Interestingly, labs in backpacks address the pedagogic imperatives, as well as the economic concerns. Laptops and their newer incarnations are increasingly affordable to the point that most students own them. Their processors are more powerful than ever, and importantly, their batteries last much longer. The USB ports of these laptops can not only connect with external peripherals, but also power them. The simplest pedagogically valuable tool that can take advantage of these features is a System on chip (SOC) board, like the open source $25 Arduino board (www.arduino.cc). Such boards can be used as part of their first-year experience, and are capable of exciting students while providing for good pedagogy. These boards are built from low-cost yet highly capable system on chip (SoC) devices that integrate a surprising amount of capabilities that are needed in mobile devices, including a powerful embedded processor, analog and digital input/output ports, signal processors, MEMS sensors, operational amplifiers, etc., and yet fit into a shirt pocket with ease. They can be used to control small robots, and can be expanded using daughter cards to expand functionality. Importantly, their open source philosophy ensures there are no trade secrets lurking under the hood. It’s like a fully worked out example.
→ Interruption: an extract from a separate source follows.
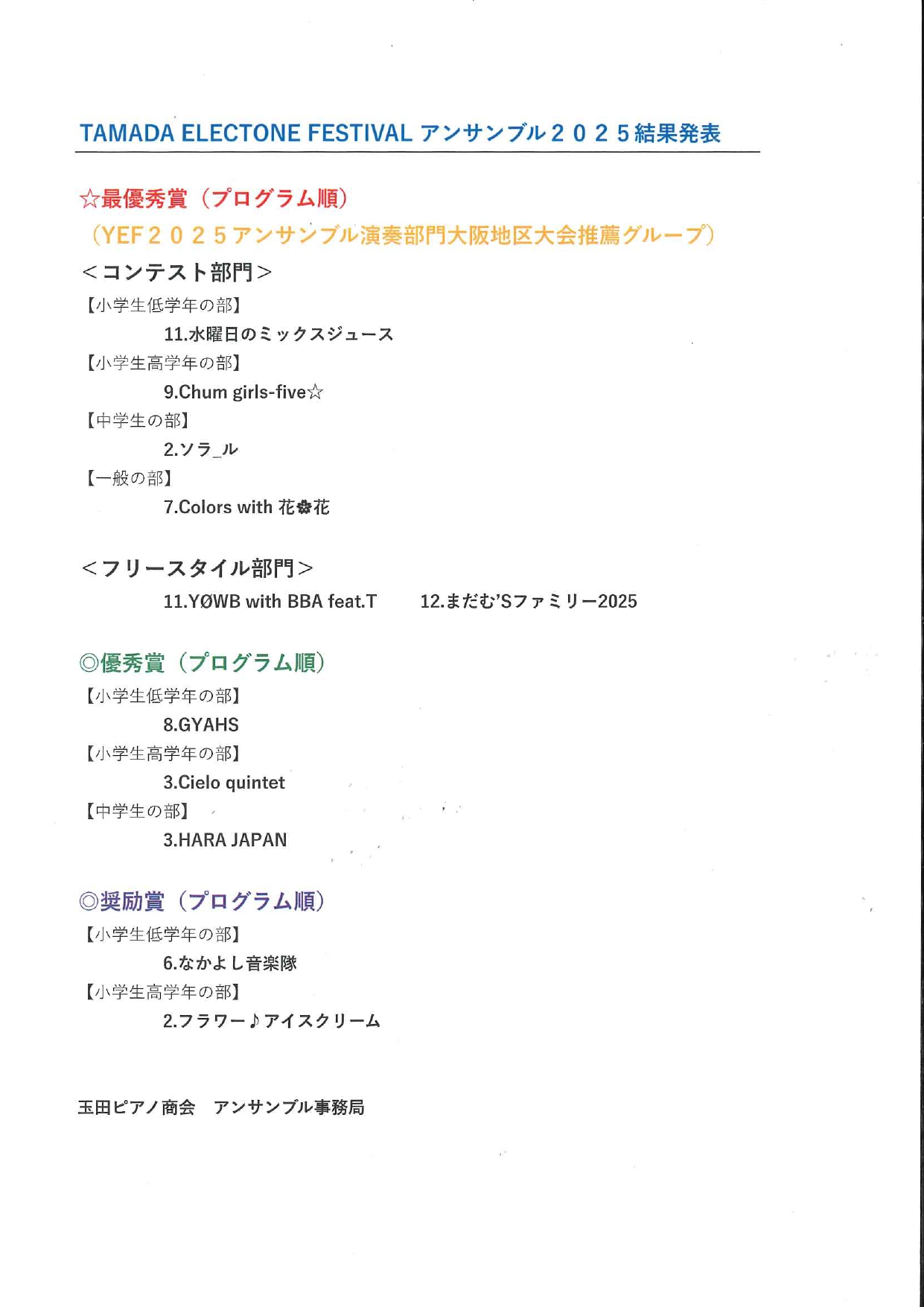 TAMADA ELECTONE FESTIVAL アンサンブル 2025 審査結果のお知らせ

Companies like Analog Devices (www.digilentinc.com/analogdiscovery/ ) and National Instruments (www.ni.com/mydaq/ ) sell low-cost ($50 – 200) signal interface systems that connect with laptops via USB ports, and simulate previously expensive test and measurement systems like signal generators, oscilloscopes, and spectrum analyzers on the laptop screen. Software tools like NI’s LabView (http://www.ni.com/labview/) are designed to work seamlessly with other pedagogically relevant first-year tools like MATLAB (Mathworks, Inc.), widely used for teaching introductory engineering computing.  The Analog Discovery board is supported by the MATLAB data acquisition toolbox. Overall, these converging developments mean that students can easily afford to own, and effortlessly carry a surprisingly complete, albeit basic, electronics and computing laboratory in their backpacks. Students can experiment with them anywhere, in dorm rooms, and even outdoors. Importantly, it is now practical for large freshmen classes to require students to own them without having to maintain large and expensive freshman laboratories. The indigent student can be helped with department provided loaners, rentals, and/or equipment scholarships. Once equipped, students can not only do their academic assignments efficiently using their own equipment, but also use them to pursue electronics as a hobby or to invent new things. Departmental laboratory resources can focus on more advanced equipment that our juniors and seniors can use.
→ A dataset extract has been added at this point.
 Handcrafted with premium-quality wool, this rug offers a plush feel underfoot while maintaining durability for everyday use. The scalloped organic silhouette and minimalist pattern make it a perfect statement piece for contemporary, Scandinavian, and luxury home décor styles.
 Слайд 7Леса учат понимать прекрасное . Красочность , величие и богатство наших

In their accompanying article, Victoria Goodrich and Yih-Fang Huang at Notre Dame describe their experience with bringing experiential learning methods to first year engineering students. They noted improved retention rates, better student engagement, and better attendance compared to the traditional lecture-based format. On the other hand, they note the need for additional changes to accommodate the needs of project-based learning (www.edutopia.org/project-based-learning ). For example, they found it advantageous to have classes meet once a week for extended durations, rather than twice a week for shorter durations. They also feel that these improvements require more teaching manpower, and more space. These issues are also noted by the NAE that noted three primary impediments: (i) lack of financial support; (ii) faculty workload concerns; and (iii) the difficulty of securing industry partners.  Deans at larger institutions were also concerned about the difficulty of scaling activities to larger classes. In the accompanying article Ken Connor at Rensselaer Polytechnic Institute provides a lucid exposition on the power of partnerships, especially academic peer-to-peer partnerships, and the role of federal agencies. He also describes the broad palette of solutions to these impediments including online and flipped classrooms.


Figure 1

In my own department, we are transforming the first year experience using NI myDAQ’s, LabView, MATLAB, CubeSats, and relationships with some of our research labs. We send our students to inspire local area school children with Aldebaran humanoid robots (Figure 1). In our freshman project-based “Intro to ECE” class (ECE 1100) we bring electronic parts and breadboards right into the classroom (Figure 2), and we hire upper class EE students to provide guidance while freshmen work on simple electronics projects. Being an urban public university, we were concerned about the ability of our less wealthy students to afford laptops. Happily, we found that 95% of our students already owned laptops, and our alumni stepped in to help the rest with laptop scholarships (Figure 3). Happily also, the freshmen have embraced this initiative – the drop rate is now barely 5%, and student surveys indicate overwhelming enthusiasm. Although the effort is new and our performance results are preliminary, we are starting to see valuable down-stream benefits. Statistics on 70 students taking our rigorous third-semester Circuit Analysis course for the first time show that students who took the new ECE 1100 passed Circuit Analysis at a rate almost 12% higher than other students. On other fronts, we are beginning a maker-like laboratory initiative with industry engagement, and working to make our efforts more visible externally (http://www.ee.uh.edu/undergraduate/first-year-experience ). I feel that we have only just begun, and much more needs to be done.

               
                                  Figure 2                                                    Figure 3

In summary, the ongoing transformation of the ECE first-year experience is exciting and promising. Many questions remain. Will the morale-boosting experiences associated with labs in backpacks help balance the travails associated with the math and science requirements of ECE students? Will the educational benefits outweigh the costs? Will the improved first-year experiences result in broader benefits downstream? Can they be structured to motivate students to seek out the math and science courses rather than dread them? Will it bring back the fading art of tinkering and making and boost invention? Importantly, can these ongoing changes to the first-year student experience help ensure continued future enrollment and quality growth in ECE departments?

 

While the answers to these questions will surely emerge within a few years, one thing is for certain – there is a clear benefit to ECE departments working together and sharing best practices. To quote Ken Connor, “… these partnerships show what can be done if we invest the time and have the kind of networking and logistics infrastructure we enjoy through ECEDHA and ASEE.  The ECE community needs to build on what we have learned in these and similar efforts and find effective ways to create a community of practice for first year ECE experiences and get away from our traditional efforts based on local optimization.” As we work together, we can create a national model. Companies will then be able to produce low-cost kits. Authors of textbooks can then weave these kits into the next generation of books. Companies and foundations can embrace and support these methods. Our discipline as a whole can chart a new future.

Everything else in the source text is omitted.